TVRINews, Jakarta
Suku Dinas Kesehatan (Sudinkes) Jakarta Selatan (Jaksel) telah menggelar pemeriksaan mamografi gratis bagi warga sebagai langkah memperkuat deteksi dini kanker payudara. Hal tersebut, diungkapkan oleh Kepala Sudinkes Jakarta Selatan, Debi Intan Suri.
Di mana, kegiatan tersebut diselenggarakan oleh Tim Penggerak Pemberdayaan dan Kesejahteraan Keluarga (TP PKK) Jakarta Selatan serta Yayasan Kanker Payudara Indonesia (YKPI).
Lebih lanjut, ia menuturkan jika pemeriksaan tersebut merupakan bagian dari upaya pemerintah menekan tingginya kasus kanker payudara dan kanker leher rahim (serviks).
“Program ini menjadi salah satu langkah pemerintah untuk menekan angka kesakitan akibat kanker payudara dan kanker serviks yang hingga kini masih cukup tinggi,” ujar Debi di Jakarta, Kamis, 16 Juli 2026.
Menurutnya, mamografi merupakan pemeriksaan menggunakan sinar-X dosis rendah yang berfungsi mendeteksi kelainan pada jaringan payudara. Dengan pemeriksaan ini, potensi kanker dapat diketahui lebih awal sehingga peluang keberhasilan pengobatan menjadi lebih besar.
Tak hanya itu, ia menuturkan jika layanan skrining dilaksanakan selama dua hari, yakni 15–16 Juli 2026, dengan kuota 100 peserta. Nantinya, sebanyak 50 peserta pada hari pertama berasal dari masyarakat umum dan anggota PKK, sedangkan 50 peserta pada hari kedua merupakan aparatur sipil negara (ASN) di lingkungan Pemerintah Kota Jakarta Selatan.
Ia juga menerangkan, jika kegiatan tersebut juga bertujuan memperoleh gambaran kondisi kesehatan payudara masyarakat di Jakarta Selatan sebagai bahan evaluasi dalam penyusunan program pencegahan dan pengendalian kanker.
“Kami berharap melalui skrining ini, kasus kanker yang selama ini belum terdeteksi dapat ditemukan lebih awal sehingga penanganannya bisa dilakukan sejak stadium dini,” katanya.
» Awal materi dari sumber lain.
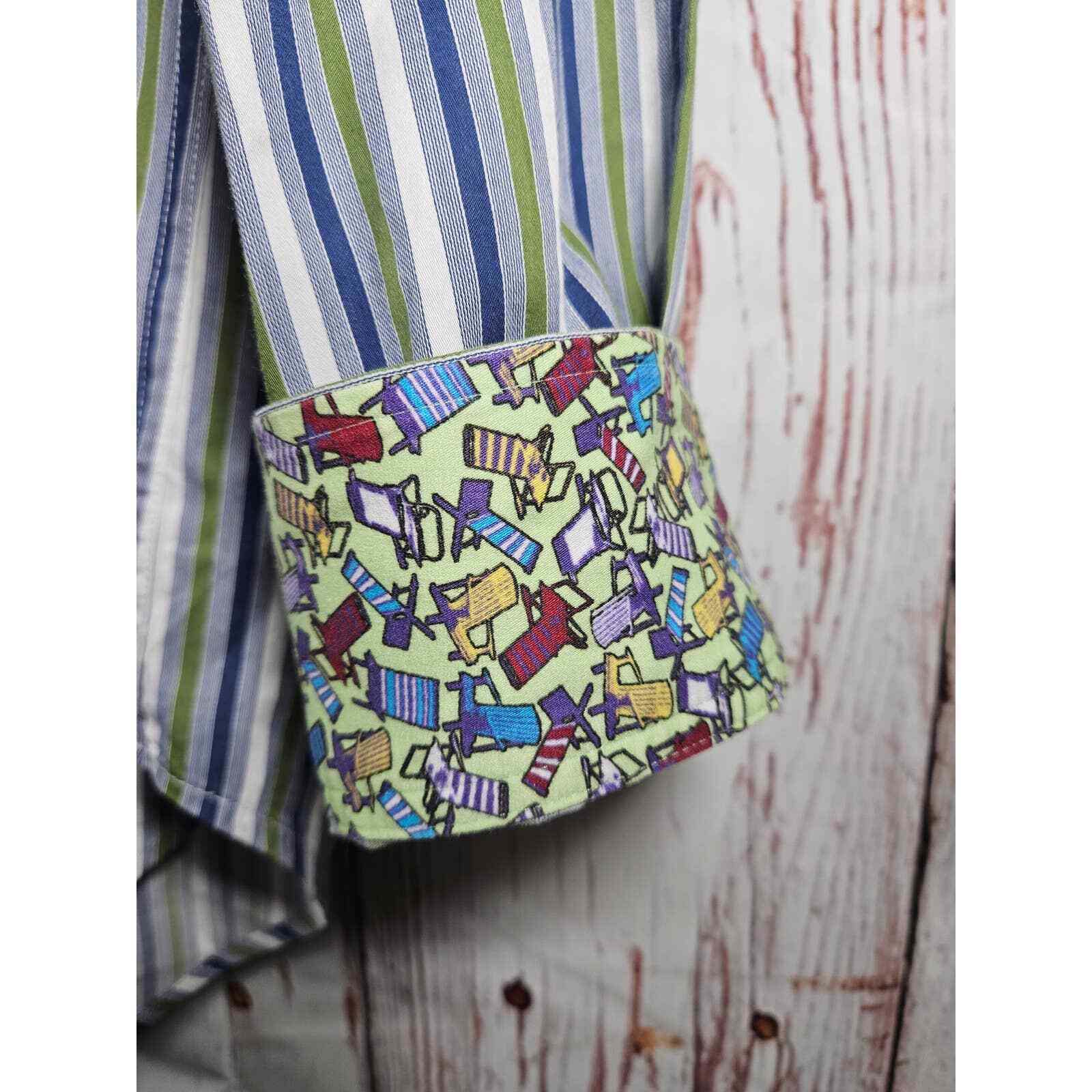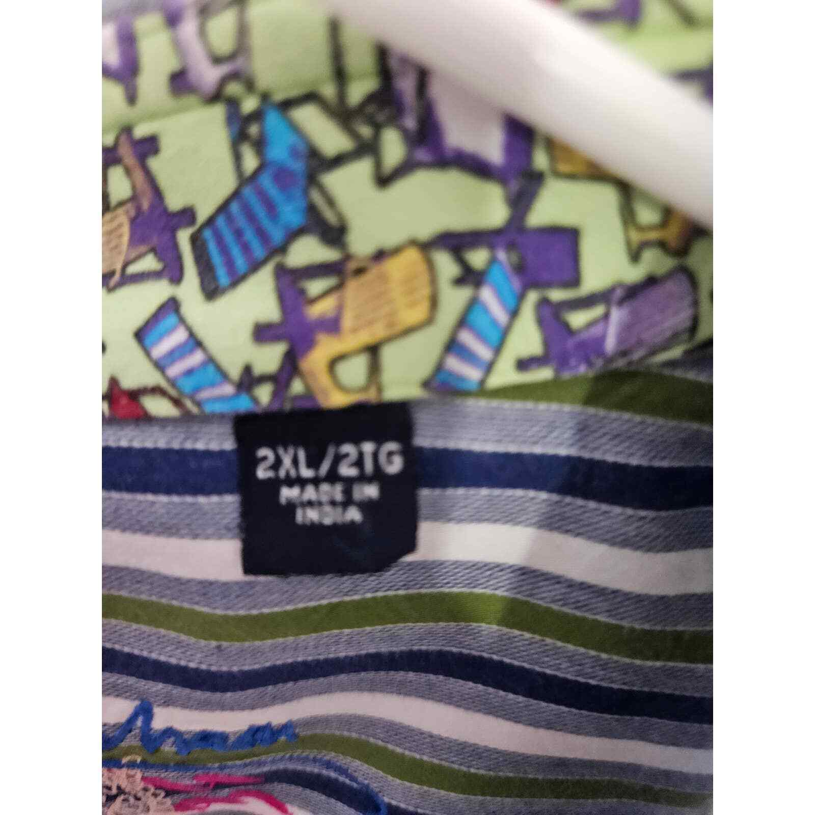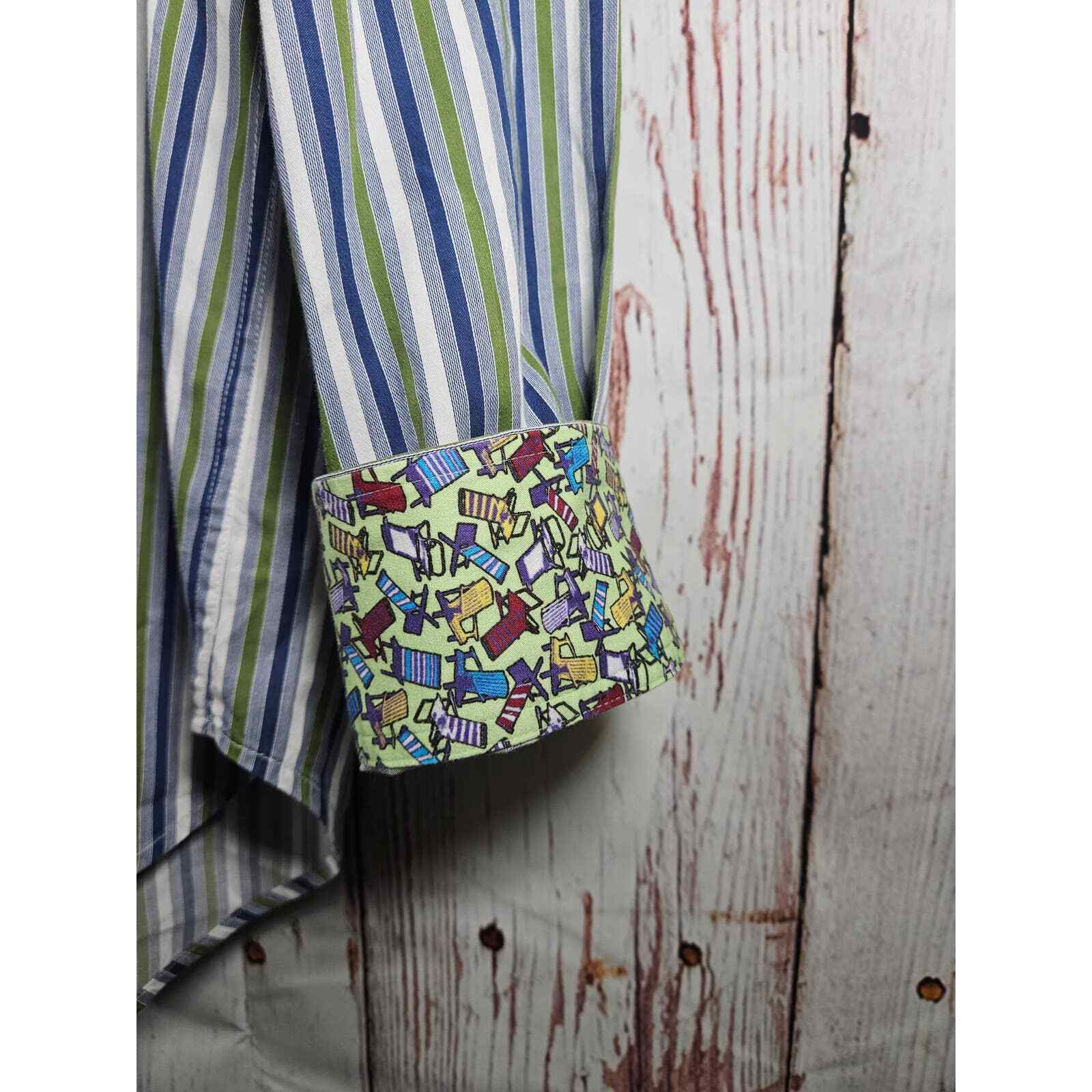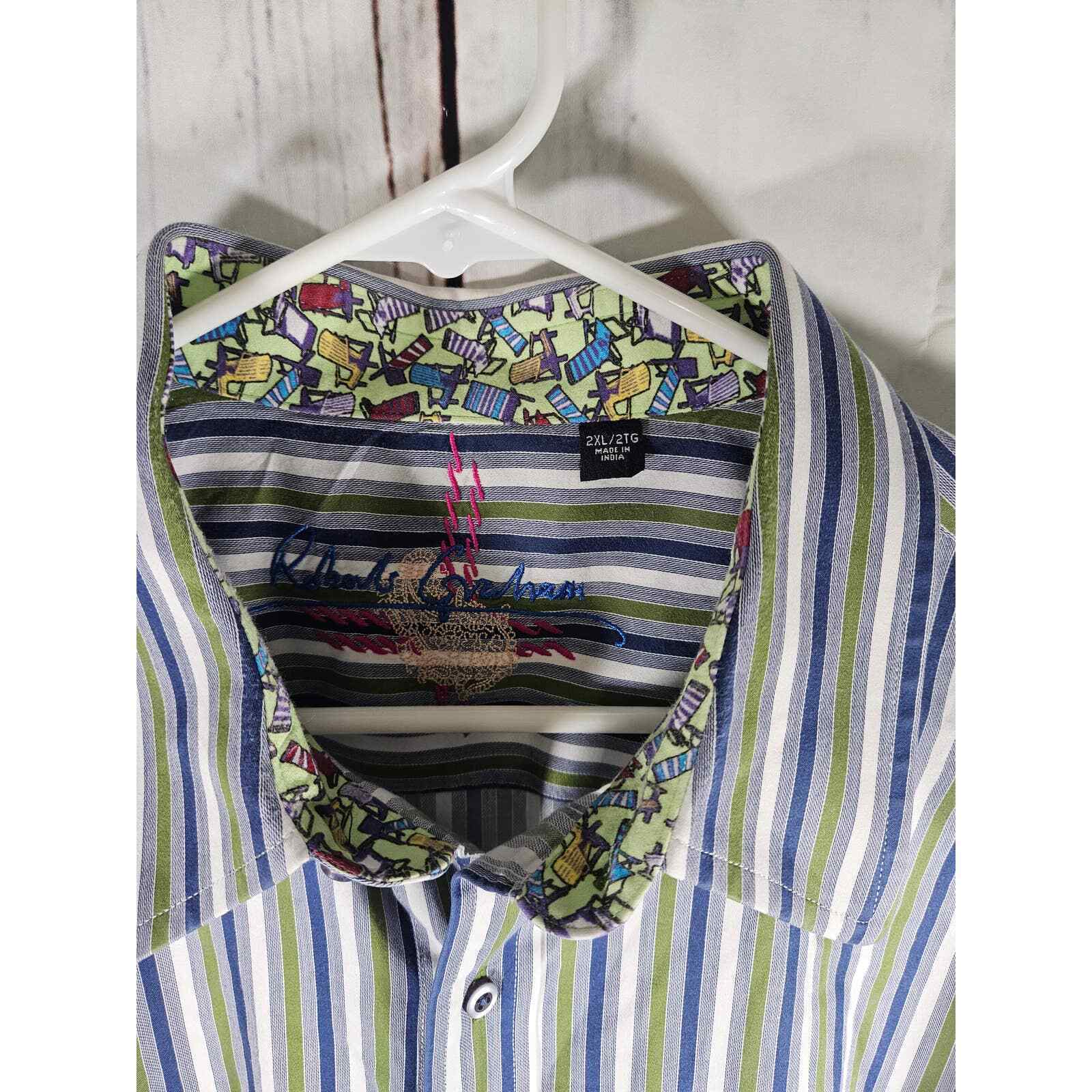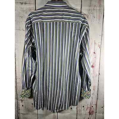 Robert Graham Mens Long Sleeve Button Down Blue Green Stripes Beachchair Cuff 2XL

Ketua TP PKK Jakarta Selatan, Azizah Syafrin, menyebut pemeriksaan mamografi gratis menjadi kesempatan bagi perempuan untuk memeriksa kondisi kesehatannya tanpa terbebani biaya. Menurutnya, deteksi dini menjadi kunci penting dalam menekan risiko kematian akibat kanker.
Ia berharap hasil pemeriksaan yang akan diterima peserta sekitar dua pekan mendatang menunjukkan kondisi yang baik. Azizah juga mendorong agar program pemeriksaan kesehatan gratis serupa dapat terus diperluas sehingga semakin banyak perempuan memperoleh akses terhadap layanan deteksi dini.
Data Dinas Kesehatan Provinsi DKI Jakarta menunjukkan angka kematian akibat kanker di Jakarta meningkat sekitar 33 persen pada 2025. Pada 2024, penyakit kanker menjadi salah satu penyebab kematian tertinggi dengan jumlah 5.729 kasus, sehingga upaya skrining dan deteksi dini dinilai semakin penting untuk menekan angka tersebut.